Pictures in the records below must be left out. Return exactly the lines from the line with "MOTOTRBO DM1000 SERIE" to the line with "Çorum Belediyesi Halk Oyunları Topluluğu, festivalde", both included.

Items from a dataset
※ ※ ※

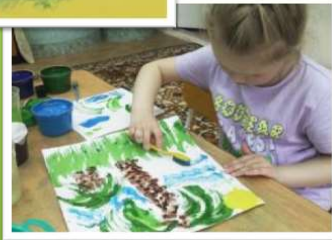
Рисование зубной щеткой
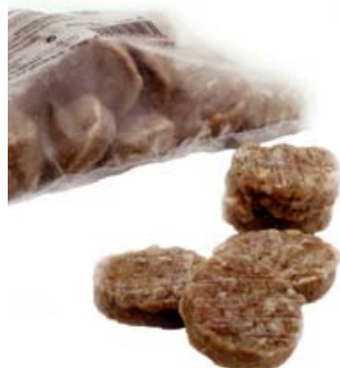
Hamburguesa Mini Cordero Boca2 230 00169
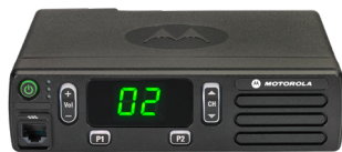
MOTOTRBO DM1000 SERIE
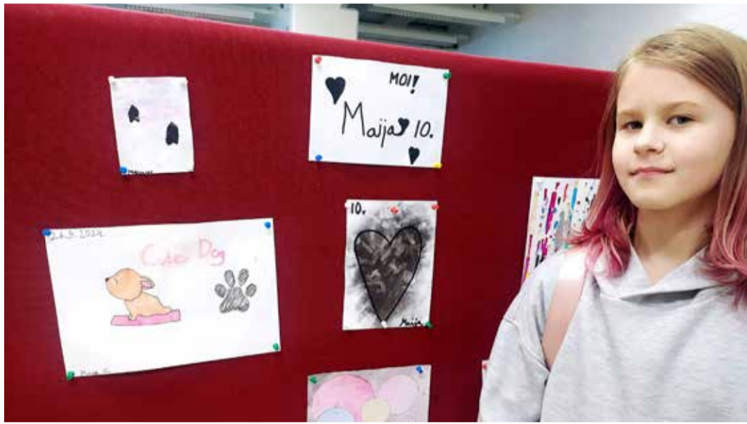
Maijalla on paljon erilaisia teoksia, joista jokainen on taidokkaasti tehty.

Saimme nauttia herkullisista kahvion antimista sekä karaoken laulesityksistä.
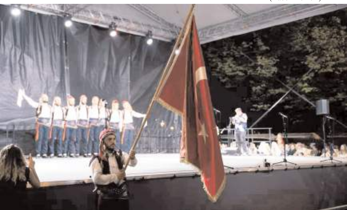
Çorum Belediyesi Halk Oyunları Topluluğu, festivalde gösteri yaptı.

Çorum Belediyesi Halk Oyunları Topluluğu, Macaristan'ın Mohaç Kasabası'nda düzenlenen 27. Uluslararası Halk Dansları Festivali'nde ülkemizi temsil etti.
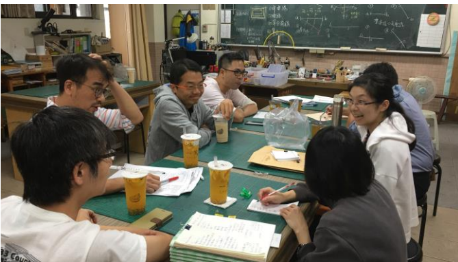
國八理化試題分析

※ ※ ※

● **TASK SOLUTION**:
MOTOTRBO DM1000 SERIE
Maijalla on paljon erilaisia teoksia, joista jokainen on taidokkaasti tehty.

Saimme nauttia herkullisista kahvion antimista sekä karaoken laulesityksistä.
Çorum Belediyesi Halk Oyunları Topluluğu, festivalde gösteri yaptı.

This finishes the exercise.